Welcome to the International Club of Canada
"Hands across the net, friendship across the ocean "
To promote friendship and sportsmanship in tennis between Canada and other countries by hosting tennis events with other IC countries and supporting tennis development in Canada by providing mentorship for young tennis players.
The first meeting of Active Members of the International Lawn Tennis Club of Canada was held at the Albany Club in Toronto on Wednesday, August 11, 1965, at 12.30 p.m. Laird Watt, the first president of the Club, was unable to attend and Gilbert Nunns chaired the meeting. In addition to Gilbert those attending the meeting in person or by proxy were familiar names in Canadian tennis history: Peter Barnard, John Bassett, Bob Barnard, François Godbout, Bruce Harrison, Sydney Hermant, Jim Macken, Harry Marpole and Walter Martin. Don Fontana, captain of the Club, agreed to approach the I.C. of the USA for a match in 1966. There were discussions of a black tie dinner, a match against a touring team from England and plans to participate in I.C. matches in Holland. The Canadian I.C. was up and operating. It had officially received “International Club” recognition just six weeks before, at the annual meeting of the Council of I.C.’s held each year during the fortnight of Wimbledon. It joined thirteen other nations with International Clubs, all existing with a common interest in the game of tennis.
The annual match with the USA Club has been the main regular event of the Club since that time, with matches alternating each year between the Donalda Club and various locations in the USA. The Piping Rock Club on Long Island, The Merion Cricket Club in Philadelphia, The West Side Tennis Club on Long Island. In 1971 the matches were divided in an open event competing for the Proctor Cup and a seniors event for the new Lawrence Baker Trophy. Women’s matches were included in the late 90’s and starting in the year 2000 teams will play for the Carole Graebner Trophy.
There is no doubt that tournaments for the Windmill, Christiane Mercelis, and Columbus Trophies represent the highlights of the I.C. Movement. On these occasions many of the now 42 International Clubs meet in team competition. In these tournaments old friendships across the net and across the nations are renewed, and new ones made. Equally enjoyable are the I.C. Tours where teams of I.C. players tour other countries at the invitation of their I.C.’s, or host visiting teams.
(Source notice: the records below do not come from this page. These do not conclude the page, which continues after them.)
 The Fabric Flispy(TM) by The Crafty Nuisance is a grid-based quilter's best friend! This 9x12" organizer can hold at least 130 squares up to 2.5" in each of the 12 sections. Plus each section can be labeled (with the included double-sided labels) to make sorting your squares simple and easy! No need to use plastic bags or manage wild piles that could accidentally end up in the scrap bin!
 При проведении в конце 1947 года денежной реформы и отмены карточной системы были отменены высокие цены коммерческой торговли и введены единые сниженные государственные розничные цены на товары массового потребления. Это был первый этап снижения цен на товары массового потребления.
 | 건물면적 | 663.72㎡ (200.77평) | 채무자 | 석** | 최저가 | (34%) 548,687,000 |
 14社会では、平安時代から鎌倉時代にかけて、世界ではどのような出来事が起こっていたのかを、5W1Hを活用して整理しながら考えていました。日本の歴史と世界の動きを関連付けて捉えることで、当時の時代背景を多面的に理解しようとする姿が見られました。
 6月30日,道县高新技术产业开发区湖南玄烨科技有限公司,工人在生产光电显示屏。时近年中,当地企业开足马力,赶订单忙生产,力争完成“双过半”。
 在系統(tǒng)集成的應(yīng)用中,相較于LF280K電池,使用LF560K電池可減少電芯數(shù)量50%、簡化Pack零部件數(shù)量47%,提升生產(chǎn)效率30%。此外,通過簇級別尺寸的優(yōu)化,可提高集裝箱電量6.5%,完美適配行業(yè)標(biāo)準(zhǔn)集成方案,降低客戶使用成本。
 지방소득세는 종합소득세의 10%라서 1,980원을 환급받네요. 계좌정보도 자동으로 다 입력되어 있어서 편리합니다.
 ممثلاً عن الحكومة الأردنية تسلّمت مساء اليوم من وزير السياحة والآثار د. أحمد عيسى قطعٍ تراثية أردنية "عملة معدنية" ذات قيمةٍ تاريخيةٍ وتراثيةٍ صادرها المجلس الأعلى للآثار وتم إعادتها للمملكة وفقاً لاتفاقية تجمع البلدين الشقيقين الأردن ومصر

This brief review of the Club’s history would not be complete without an expression of gratitude to the spirit behind the creation of the I.C. Club of Canada, the Late Bruce Harrison and those who have served on the Club’s executive, particularly its presidents: Laird Watt, Walter Martin, John Proctor, Jim Skelton, Frank Mott-Trille, Brian Flood and David Dimmer.
The inaugural Gottfried von Cramm Trophy has now concluded, marking a significant moment in our IC history.
Whilst the preparations leading up to the event had posed some challenges, the tournament itself turned out to be nothing short of fantastic.
A total of seven International Clubs (ICs) participated in the mixed event for players aged 28-44, including Great Britain, the United States, Spain, the Czech Republic, Luxembourg, Switzerland, and Germany.
Due to inclement weather, the quarter-finals on Friday had to be played indoors. Fortunately, Saturday and Sunday graced the tournament with sunny skies. The teams from the IC of Spain (featuring the Spanish 40+ champion Antonio Alcaraz) and IC Germany (boasting Anna-Lena Herzgeroth, former Groenefeld and Wimbledon Mixed winner, and Benny Becker, a former ATP Top 30 player) were seeded as the top two teams. The teams from Great Britain and the USA (including Mallory Burdette, a former WTA No. 60 player) were seeded third and fourth.
As anticipated, the quarter-final results aligned with these seedings. In the semi-finals, Team Spain defeated Team USA with a score of 2-1, while Team Germany emerged victorious over Team GB with a score of 2-1.
In the final, IC Germany triumphed over IC USA with a score of 2-0. The third-place match saw IC GB securing a 2-1 win over IC USA. Luxembourg's team secured fifth place after defeating Switzerland.
The hospitality provided by the Frankfurter Tennis Club Palmengarten was exceptional, as were the supporting programme activities. A cocktail reception hosted by Radio Frankfurt on the rooftop of a skyscraper's 27th floor was followed by a players' party featuring a professional DJ at a former juice factory. The atmosphere was electric, and there was a strong call for the next Gottfried von Cramm Trophy to include a repeat of these festivities, which clearly resonated with everyone in attendance.
Ben Rogers, the IC of GB Team Captain, commented: “It was mentioned at the IC Dinner that Gottfried von Cramm was most celebrated for combining tennis excellence with a gentleman’s approach. I think that he, and indeed the founder of the IC movement, Wallis Myers, would be immensely proud of the tournament, which showcased talent, built bonds of friendship, and displayed the utmost in court etiquette and fairness.”